In the early 2000s, more than 150 teachers in Georgia public schools faced a dilemma with two options:
- Change student test answers to improve scores or
- Lose your job.
Schools were under serious pressure to show student improvement. Administrators saw the solution in simply having teachers erase and fix score sheets. The scandal led to criminal charges being filed at all levels of Georgia schools.
Imagine the thought process of the individual teacher. The stack of answers sits on your desk and next to it, a sharpened pencil with an eraser. You know cheating is wrong (morally and legally). You know you could have always done more to help your students (their scores reflect back on you). You know what comes with rising test scores (funding and acclaim). You know you want to keep your job (who wouldn’t?). Dozens of teachers in over forty schools gave in to the pressure to cheat.
God promises us that every temptation has a way out (I Corinthians 10:13). Following the temptation leads to sin while taking the way out leads to righteousness and glorifies God.
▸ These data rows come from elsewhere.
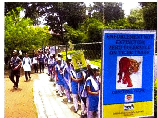
Participating school students with placards during the procession
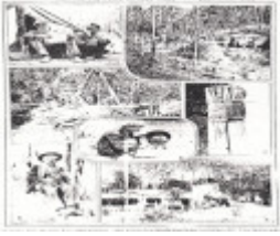
Queenstown Cemetery Mining 1 - Shire of Eltham Heritage Study 1992
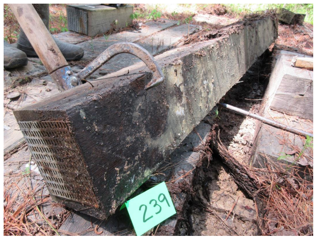
A49 - Tie #239 (Merichem/white oak/borate/CuNap).

In the moments of testing, Satan wants to convince you that God’s way will either be bad for you or at least dull in comparison to the temptation.
In the case of these teachers, all of the benefits seemed to be arrayed on his side. You’ll keep your job! Your school won’t lose its funding! Your students will look like scholars!
God’s escape route – the way out – could promise very little. You’ll enrage the administrators. You might lose your job. But you’ll be in God’s hands making a choice that honors Him.
Giving in to sin is to doubt the security of God’s hand. If faith is the trusting step into God’s care through unknown outcomes, sin is the opposite. Sin is the fearful grasping for the easy, safe, or pleasurable solution. Under social and professional pressure, cheating became the easy way for these educators. They found themselves breaking their own moral code but keeping their jobs safe. The right way – the way out from this temptation – was the more dangerous option.
We don’t like to think of ourselves as scoffers, but whenever we (like the teachers described above) give in to temptation, we scoff at the goodness of God. We tell God by our actions that we know better than Him. We tell God by our choices that His way is not the best thing for us.
Adultery, deceit, malice, greed – name any sin and it will connect to the thought that the way of holiness is second best. We might not be expressing our derision for God’s way out, but in rejecting it, we are saying enough.
Reread the first psalm. It is a song recounting the blessing of choosing God’s way. David writes:
Blessed is the man who walks not in the counsel of the wicked, nor stands in the way of sinners, nor sits in the seat of scoffers; but his delight is in the law of the Lord, and on his law he meditates day and night.
Psalm 1:1-2, ESV
Even if they pull up a chair (and they will) don’t sit in the seat of scoffers. That is the easy, broad path. Delight in being in God’s hand – come what may.